O juiz Daniel Werneck Cotta, em exercício no II Tribunal do Júri, marcou para às 9h30 do dia 1o de junho os novos depoimentos do médico e ex-vereador Jairo Souza Santos Júnior, o Jairinho, e da ex-namorada dele, a professora Monique Medeiros da Costa e Silva, no processo em que os dois são réus pela morte do filho dela, Henry Borel Medeiros , em 8 de março de 2021.

Na mesma audiência, ainda serão ouvidos o perito legista Leonardo Huber Tauil, que assinou o laudo de necropsia do menino, atestando que ele sofreu hemorragia interna e laceração hepática, provocada por ação contundente; e o assistente técnico Sami El Jundi, contratado pelos advogados do ex-parlamentar.

No último dia 22 de março, desembargadores da 7ª Câmara Criminal do Tribunal de Justiça do Rio acolheram o pedido de Jairinho e determinaram que fosse marcado o depoimento de Leonardo Huber Tauil e dos assistentes técnicos indicados. Os advogados Telmo Bernardo, Flavia Fróes, Eric Trotte e Bruno Albernaz ajuizaram o habeas corpus para que as oitivas acontecessem.

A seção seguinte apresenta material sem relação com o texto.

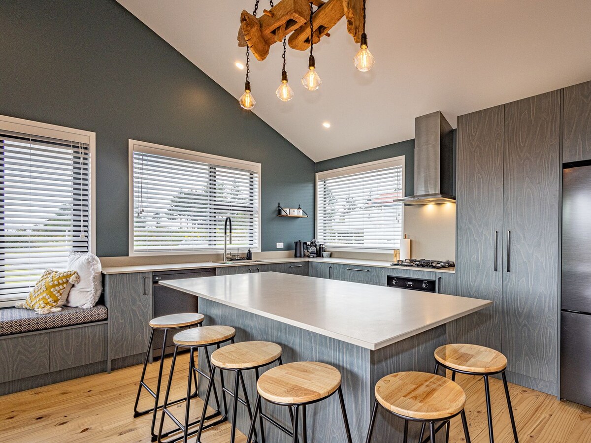 ワイマリノ村(旧ナショナルパークビレッジ)にあるモダンで温かみのある家。2家族連れや大人数のグループ向けに設計されており、ラウンジや寝室の窓からはンガウルホエ山とルアペフ山の素晴らしい景色が見えます。 トンガリロクロッシングに最も近い村で、雪山まで車で15分です。ミニゴルフ、トランピング、遊び場、スーパー、レストランなどのアクティビティの中心地です。 ベッドには高級リネンを使用しています。 モダンな設備の整ったキッチン、バーベキュー、乾燥室で暖かく過ごせるオープンファイヤー。 Wi-Fi完備。

“Peritos, com expertise internacional, atuando em favor da defesa, apontam graves indícios de violação da cadeia de custódia da prova penal pelo perito, e graves indicativos de parcialidade, de comprometimento com o resultado final do processo em favor da tese acusatória condenatória”, disseram os advogados, no pedido.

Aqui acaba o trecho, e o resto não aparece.